> TASK GOAL: Output exactly, and only, the lines below from the one with "Doorway of one" down to the one with "DÍAS DE DISNEY". Include both end lines and no pictures.

> Recorded data:
* * * * *
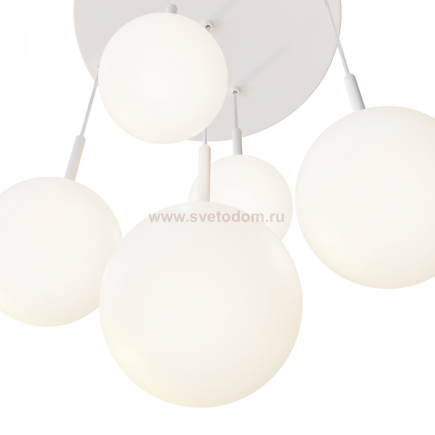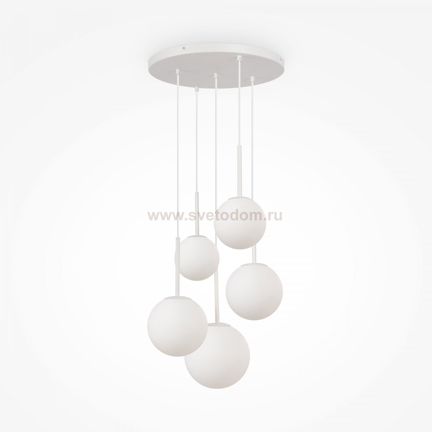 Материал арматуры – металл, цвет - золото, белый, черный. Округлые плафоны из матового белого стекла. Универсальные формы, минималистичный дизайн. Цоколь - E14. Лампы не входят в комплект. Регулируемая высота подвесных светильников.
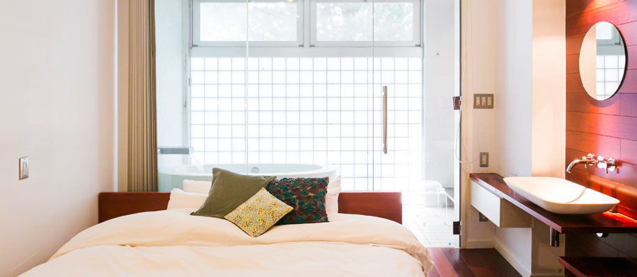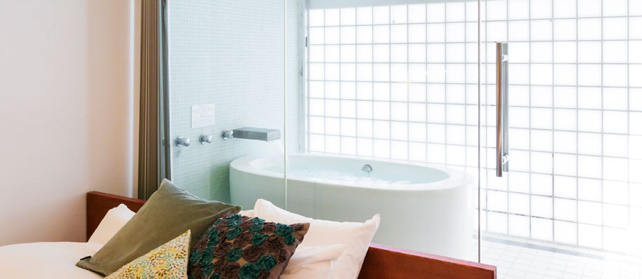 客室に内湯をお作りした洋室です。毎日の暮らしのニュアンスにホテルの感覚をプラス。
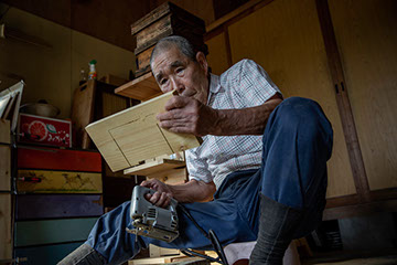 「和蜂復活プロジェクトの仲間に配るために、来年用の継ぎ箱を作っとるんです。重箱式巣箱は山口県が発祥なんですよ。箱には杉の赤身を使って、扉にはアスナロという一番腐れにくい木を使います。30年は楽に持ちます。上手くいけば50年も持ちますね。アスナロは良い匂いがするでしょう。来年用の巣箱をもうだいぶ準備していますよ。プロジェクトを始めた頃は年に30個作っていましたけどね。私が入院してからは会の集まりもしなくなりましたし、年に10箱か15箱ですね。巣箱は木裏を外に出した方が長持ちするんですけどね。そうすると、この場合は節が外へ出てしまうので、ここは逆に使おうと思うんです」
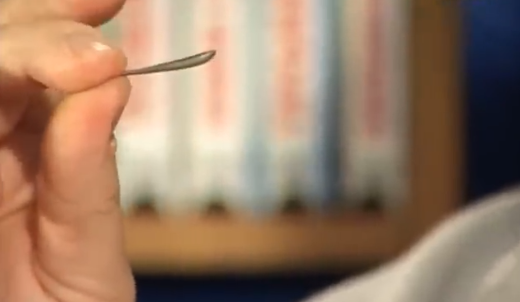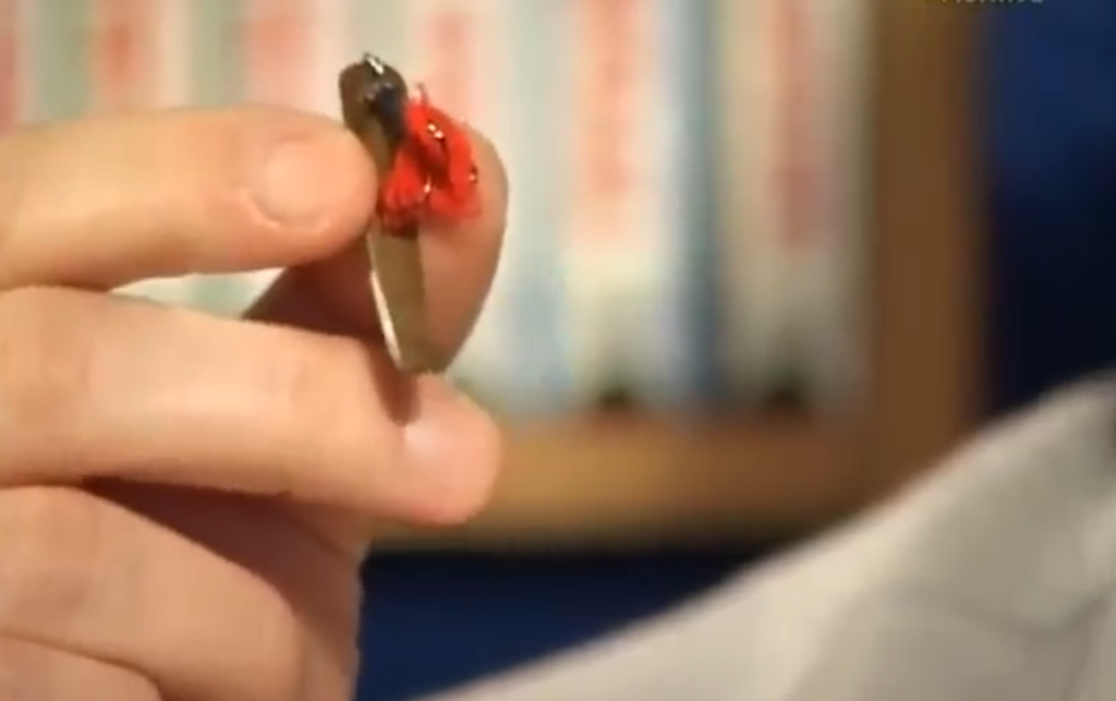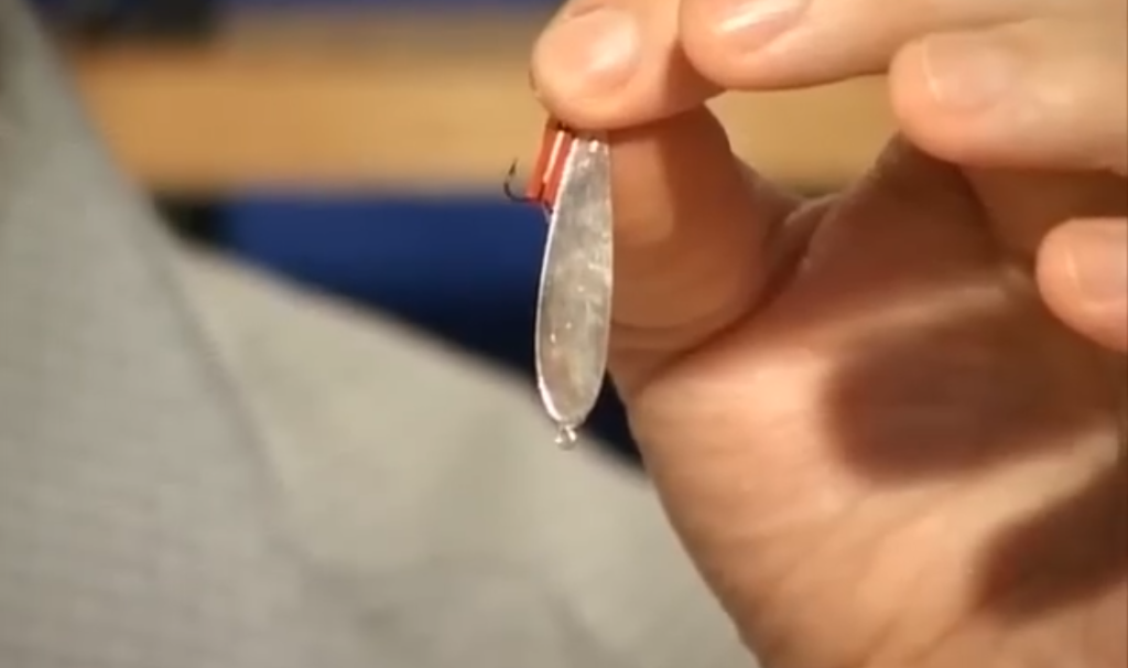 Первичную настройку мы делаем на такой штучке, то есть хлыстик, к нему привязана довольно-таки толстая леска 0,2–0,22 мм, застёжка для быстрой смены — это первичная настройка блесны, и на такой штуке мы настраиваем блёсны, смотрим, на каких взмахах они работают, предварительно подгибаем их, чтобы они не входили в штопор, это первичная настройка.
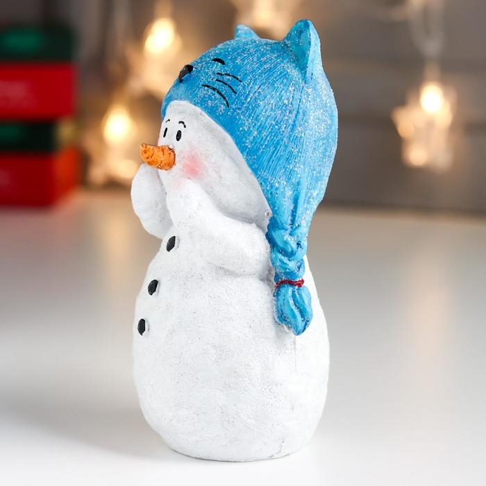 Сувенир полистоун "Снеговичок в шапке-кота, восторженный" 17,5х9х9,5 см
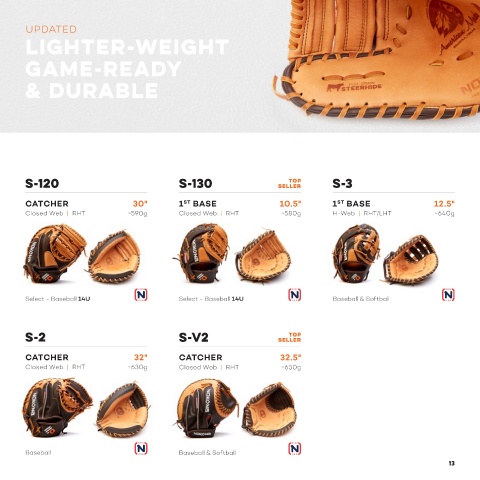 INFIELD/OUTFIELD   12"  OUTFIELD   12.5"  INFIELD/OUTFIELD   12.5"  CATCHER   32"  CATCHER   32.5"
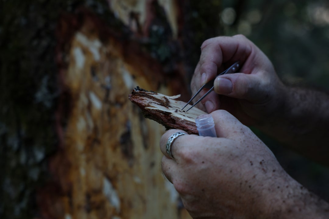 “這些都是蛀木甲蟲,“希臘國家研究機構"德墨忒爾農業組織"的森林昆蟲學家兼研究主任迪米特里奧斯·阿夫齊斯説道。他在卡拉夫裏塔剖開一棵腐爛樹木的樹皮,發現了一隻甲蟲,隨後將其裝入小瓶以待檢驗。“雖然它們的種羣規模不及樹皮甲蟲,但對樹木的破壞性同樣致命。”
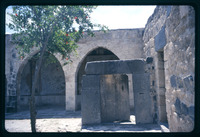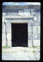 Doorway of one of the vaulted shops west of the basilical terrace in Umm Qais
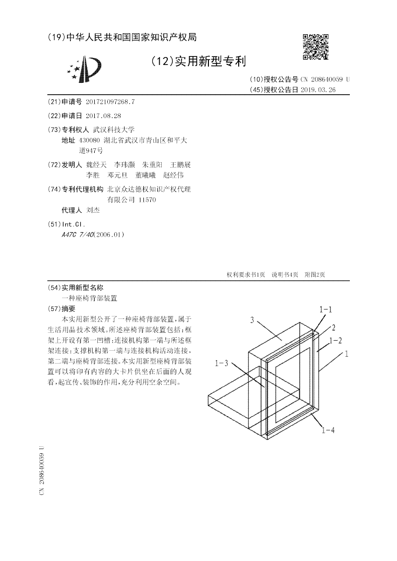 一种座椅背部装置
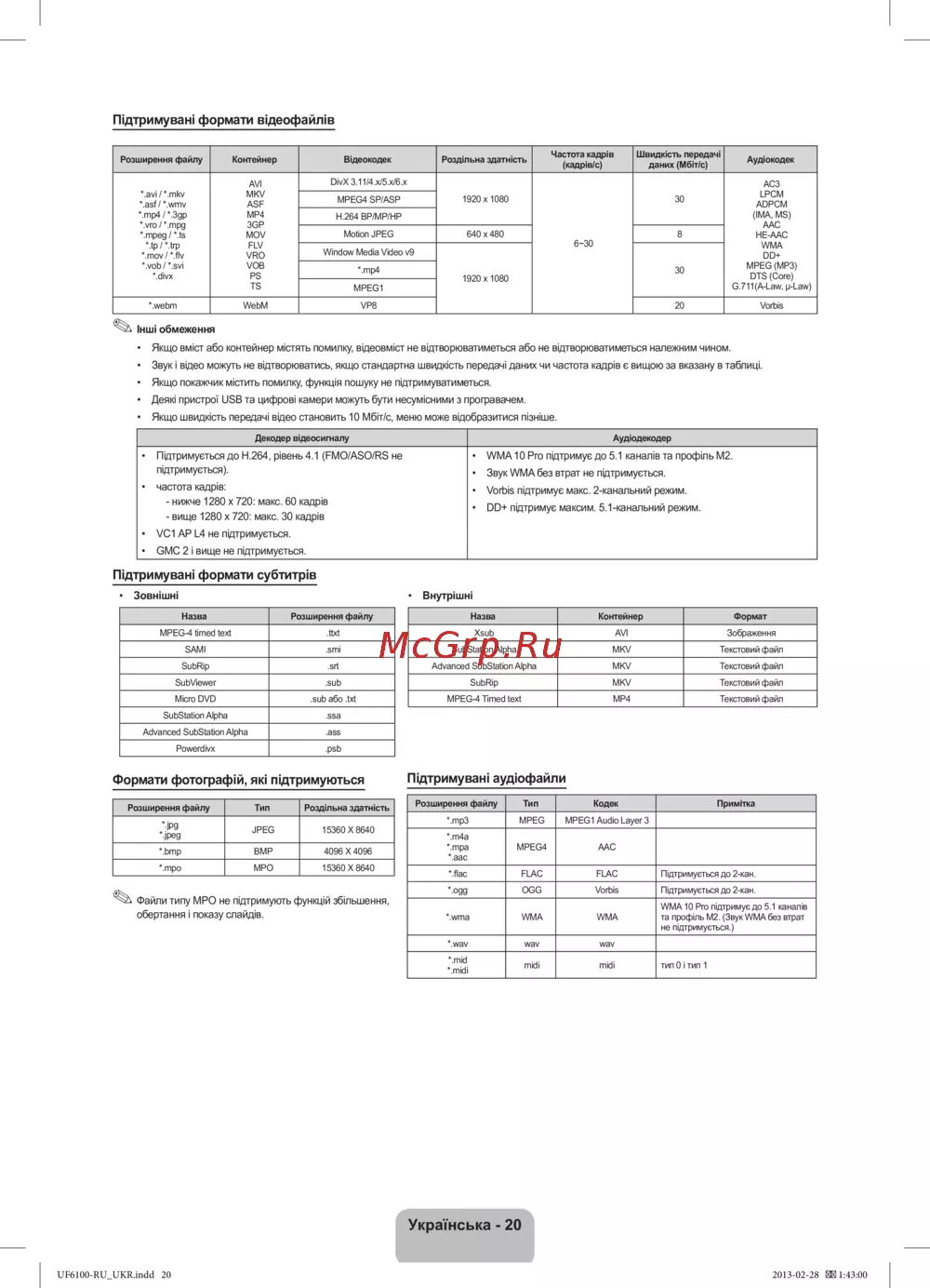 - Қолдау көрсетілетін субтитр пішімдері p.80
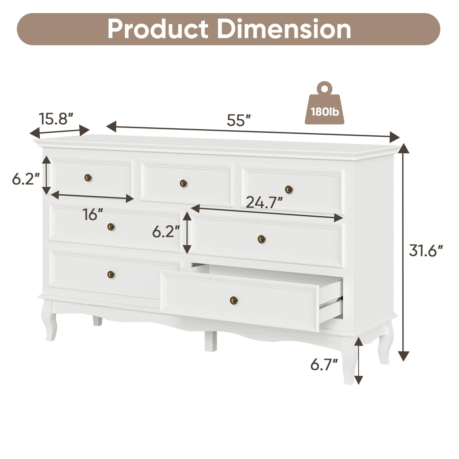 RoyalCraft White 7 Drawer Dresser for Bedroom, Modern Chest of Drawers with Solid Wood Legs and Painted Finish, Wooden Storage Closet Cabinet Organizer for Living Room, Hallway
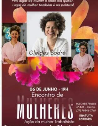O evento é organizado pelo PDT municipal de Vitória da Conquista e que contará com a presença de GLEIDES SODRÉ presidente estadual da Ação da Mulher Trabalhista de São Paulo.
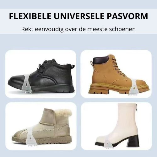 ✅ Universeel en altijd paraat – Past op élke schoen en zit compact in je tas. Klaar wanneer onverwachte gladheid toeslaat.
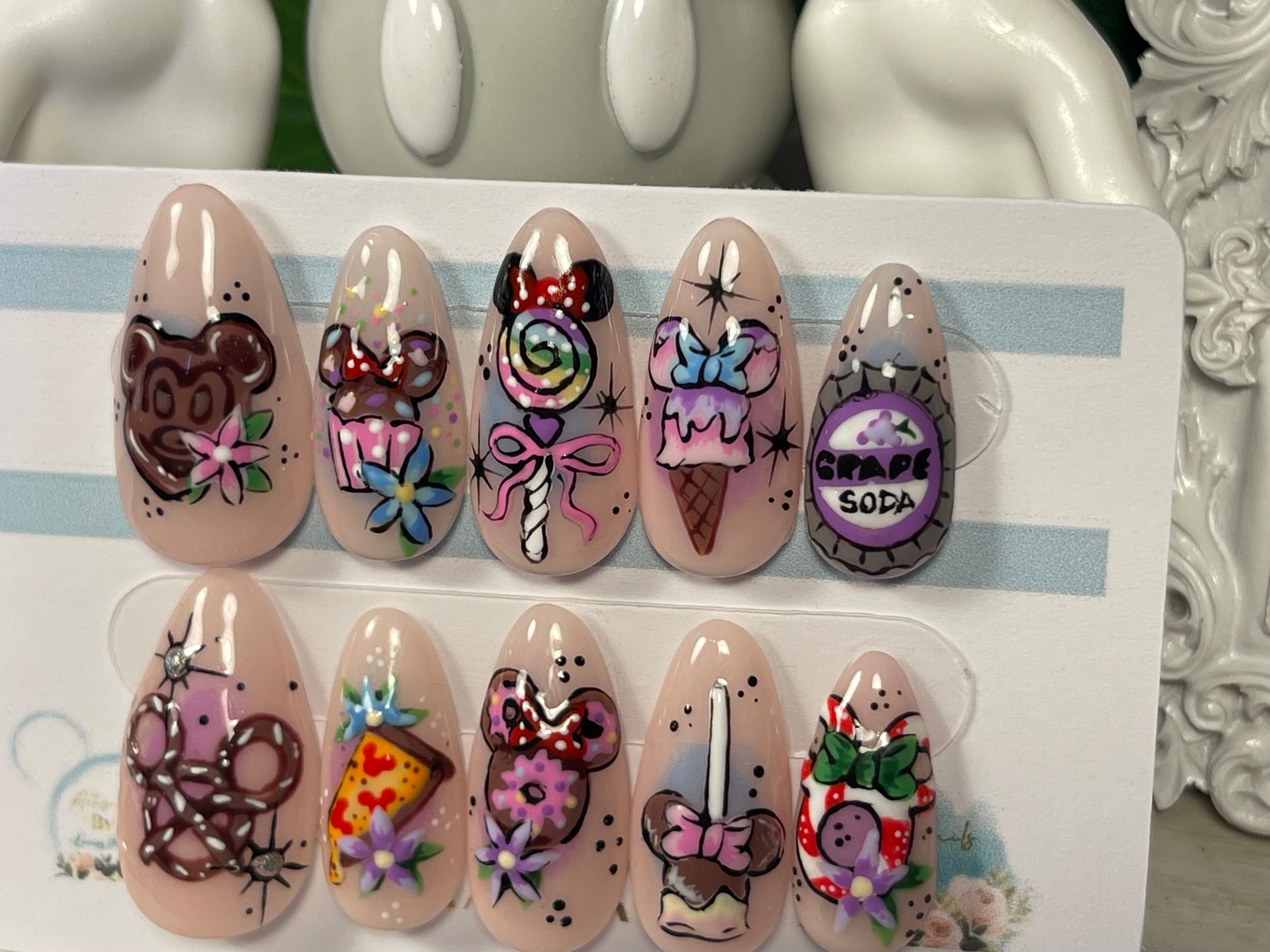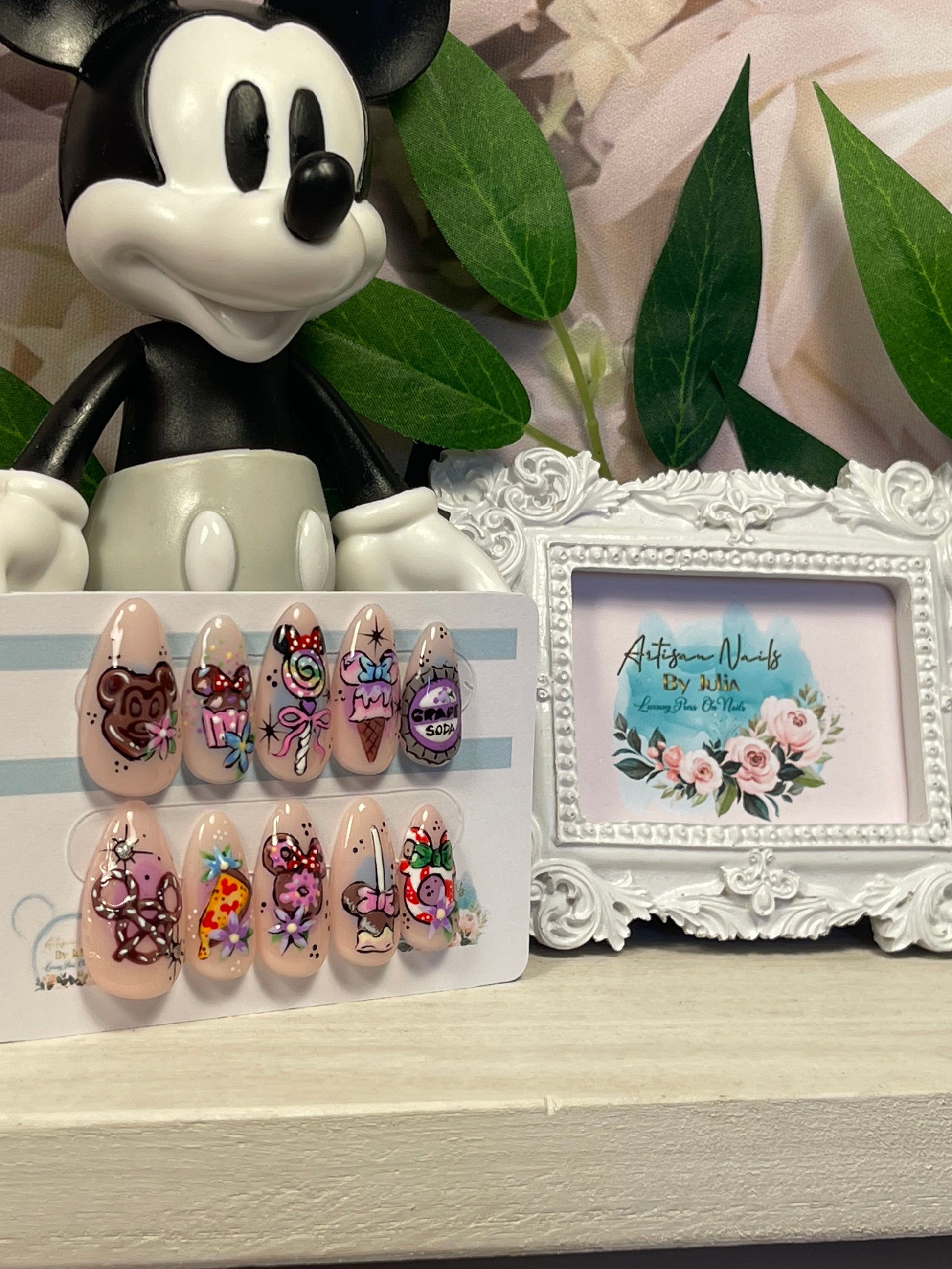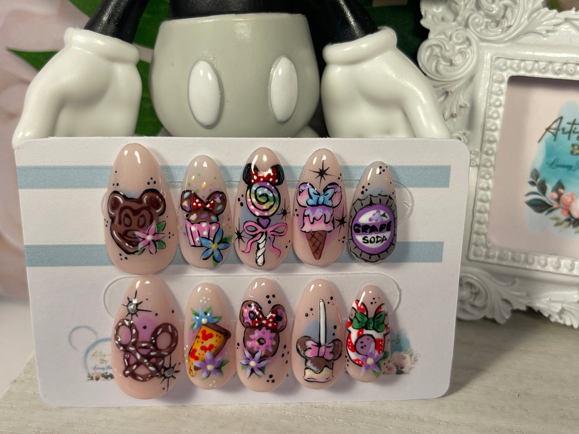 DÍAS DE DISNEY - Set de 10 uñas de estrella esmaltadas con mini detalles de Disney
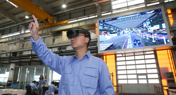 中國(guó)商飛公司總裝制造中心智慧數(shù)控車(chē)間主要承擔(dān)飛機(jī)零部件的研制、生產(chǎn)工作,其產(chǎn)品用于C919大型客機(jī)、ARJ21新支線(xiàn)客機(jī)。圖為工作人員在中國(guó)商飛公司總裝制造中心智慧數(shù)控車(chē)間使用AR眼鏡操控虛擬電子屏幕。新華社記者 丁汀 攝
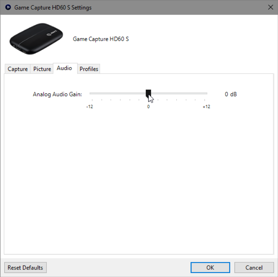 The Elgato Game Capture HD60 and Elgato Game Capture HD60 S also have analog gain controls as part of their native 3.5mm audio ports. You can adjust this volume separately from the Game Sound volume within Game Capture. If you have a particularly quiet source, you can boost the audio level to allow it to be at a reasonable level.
* * * * *
> ANSWER BOX:
 Doorway of one of the vaulted shops west of the basilical terrace in Umm Qais
 一种座椅背部装置
 - Қолдау көрсетілетін субтитр пішімдері p.80
 RoyalCraft White 7 Drawer Dresser for Bedroom, Modern Chest of Drawers with Solid Wood Legs and Painted Finish, Wooden Storage Closet Cabinet Organizer for Living Room, Hallway
O evento é organizado pelo PDT municipal de Vitória da Conquista e que contará com a presença de GLEIDES SODRÉ presidente estadual da Ação da Mulher Trabalhista de São Paulo.
 ✅ Universeel en altijd paraat – Past op élke schoen en zit compact in je tas. Klaar wanneer onverwachte gladheid toeslaat.
 DÍAS DE DISNEY - Set de 10 uñas de estrella esmaltadas con mini detalles de Disney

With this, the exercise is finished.